Natural History of Human Papillomavirus Type 16 Virus-Like Particle Antibodies in Young Women

• Published in: Cancer epidemiology, biomarkers & prevention Vol. 13; no. 1; pp. 110 - 116
• Main Authors: HO, Gloria Y. F, STUDENTSOV, Yevgeniy Y, BIERMAN, Robert, BURK, Robert D
• Format: Journal Article
• Language: English
• Published: Philadelphia, PA American Association for Cancer Research 01.01.2004
• Subjects: Adult; Antibodies, Viral - isolation & purification; Biological and medical sciences; Cervical Intraepithelial Neoplasia - immunology; Cervical Intraepithelial Neoplasia - virology; Female; Female genital diseases; Gynecology. Andrology. Obstetrics; Humans; Medical sciences; Oncogene Proteins, Viral - immunology; Papillomaviridae - immunology; Papillomavirus Infections - immunology; Papillomavirus Infections - prevention & control; Prospective Studies; Repressor Proteins; Tumors; Uterine Cervical Neoplasms - immunology; Uterine Cervical Neoplasms - virology; Viral Load; Viral Vaccines - immunology; Human; Antibody; Virus like particle; Biological marker; Exploration; Papovaviridae; Uterine cervix; Malignant tumor; Female genital diseases; Papillomavirus; Virus; Human papillomavirus 16; Human papillomavirus; Cancerology; Immunological investigation; Evolution; Female; Woman; Uterine cervix diseases
• ISSN: 1055-9965; 1538-7755
• DOI: 10.1158/1055-9965.EPI-03-0191

Immunization with a vaccine of human papillomavirus (HPV) type 16 virus-like particles (VLPs) can reduce incidence of HPV-16 infection and its related cervical intraepithelial neoplasia.

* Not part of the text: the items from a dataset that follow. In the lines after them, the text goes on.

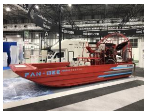
救助用エアボート FAN-BEE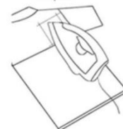
4. Iron inside of garment Underneath patch 30"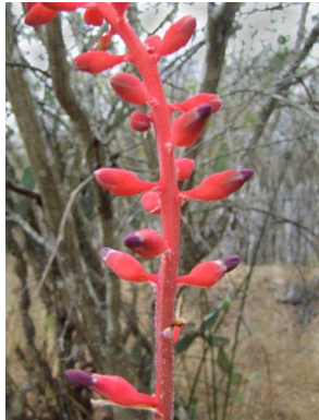
26 Neoglaziovia variegata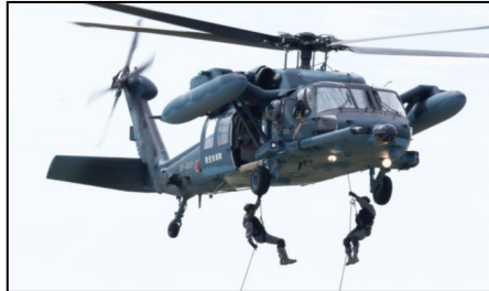
孤立者の捜索・救助・救護訓練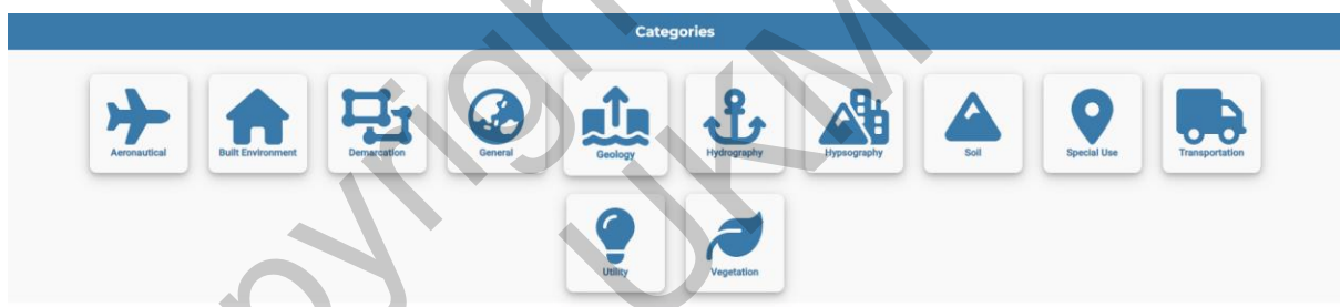
Rajah 5 12 Kategori Data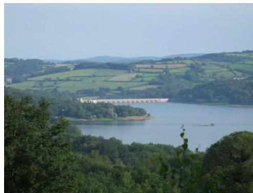
Lac de Montbel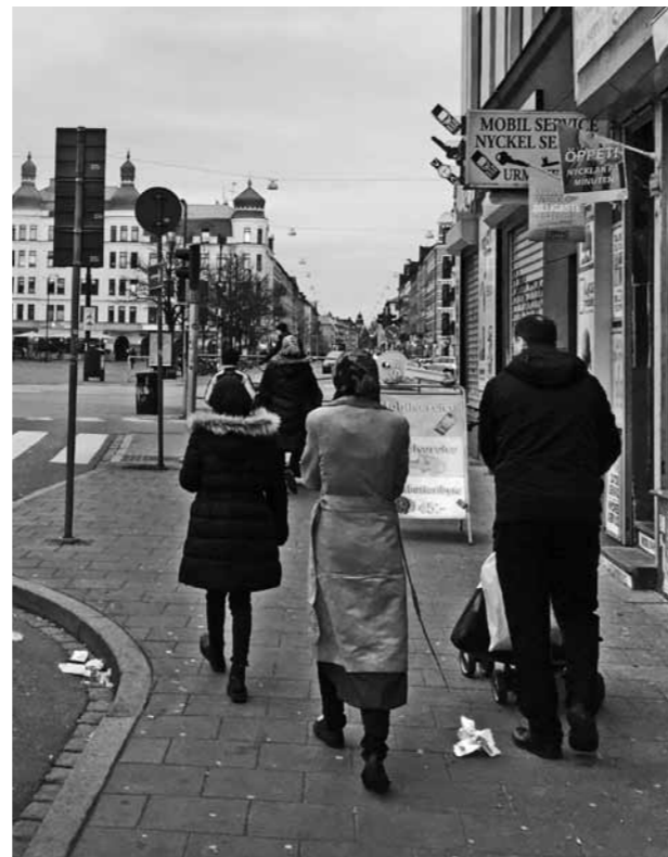
Tipikus svéd városi utcakép – skandináv hangulat?

A megkövült hagyományok és elavult vallási dogmák irányította korlátozott világszemlélet kialakulását nagy mértékben a fejlődésben elakadt társadalmi háttér magyarázza. És hogy valami hiányzik, és nem csak a betevő falat meg a tűzszünet, az ékesen bizonyítja a nyugat felé törekvő emberáradat, akik közül a legtöbben nem az éhhalál és a golyózápor elől botladoznak át a legközelebbi országhatáron, hanem nagyon is céltudatosan igyekeznek egy fél kontinensen át a liberális, toleráns és elvilágiasodott társadalmak felé.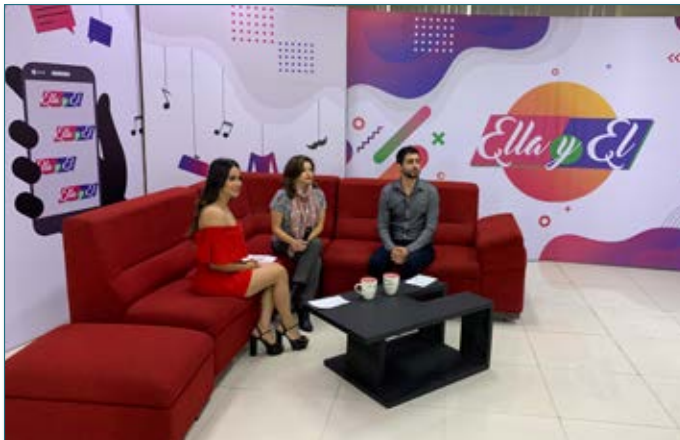
Promoción de la actividad en medios de comunicación de radio y TV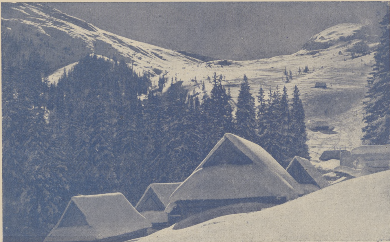
Dolina Goryczkowa w zimie.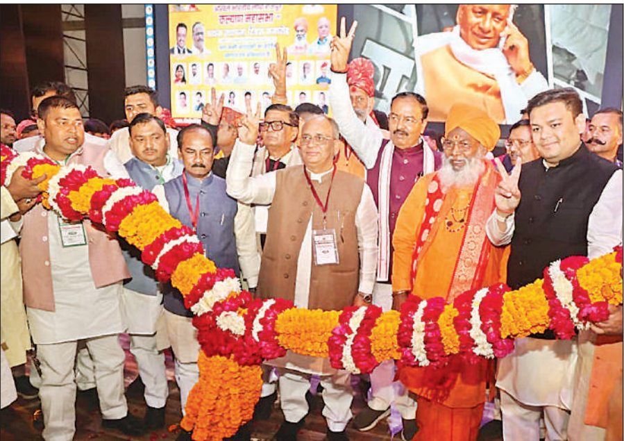
लखनऊ : अखिल भारतीय लोधी राजपूत कल्याण महासभा के प्रथम स्थापना दिवस कार्यक्रम में उपस्थित उप मुख्यमंत्री केशव प्रसाद मौर्या, पूर्व सांसद राजवीर सिंह राजू भैया, सांसद साक्षी महाराज, साथ में अन्य।

अमृत विचार, लखनऊ : पूर्व प्रधानमंत्री भारत रत्न अटल बिहारी वाजपेयी की जयंती श्रद्धाभाव से मनाई जाएगी। 24 दिसंबर को जयंती समारोह की पूर्व संध्या पर कवि डॉ. कुमार विश्वास द्वारा समारोह की तैयारियों को लेकर उप मुख्यमंत्री ब्रजेश पाठक के राजभवन कोलौनी स्थित आवास में अटल बिहारी वाजपेयी मेमोरियल फाउंडेशन की बैठक हुई। ब्रजेश पाठक ने बताया कि केजीएमयू के अटल बिहारी वाजपेयी साइंटिफिक कन्वेंशन सेंटर में शाम पांच बजे आयोजन होगा। कार्यक्रम में मुख्य अतिथि रक्षामंत्री राजनगथ सिंह, मुख्यमंत्री योगी आदित्यनाथ होंगे।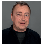
Tax Manfred Jhg. 1969 Untermarias 200a, Dalaas Techniker

However, development of detectable antibodies to VLPs does not always occur after natural HPV infection. This study examined prospectively for seroconversion and duration of antibodies to HPV-16 VLPs and their associated host and viral factors. Six-hundred eight subjects were tested for HPV DNA biannually and for IgG and IgA antibodies to HPV-16 VLPs annually for 3 years. Both IgG and IgA antibodies to HPV-16 VLPs were predominantly type specific. Women with cervicovaginal HPV-16 infection were 8–10 times more likely to seroconvert than those with infection of HPV-16-related types. Among subjects who had an incident infection with HPV-16, a maximum of 56.7% became seropositive for IgG within 8.3 months and 37.0% had IgA within 14 months. Detectable seroconversion was a slow process that required sufficient antigenic exposure associated with either a high viral load (relative risk = 5.7 for IgG) or persistent infection of HPV-16 (relative risk = 3.4 for IgA). The median duration for both types of antibodies was ∼36 months. Antibodies could persist for a long period of time if the initial antibody levels were high or if there was continued antigenic exposure.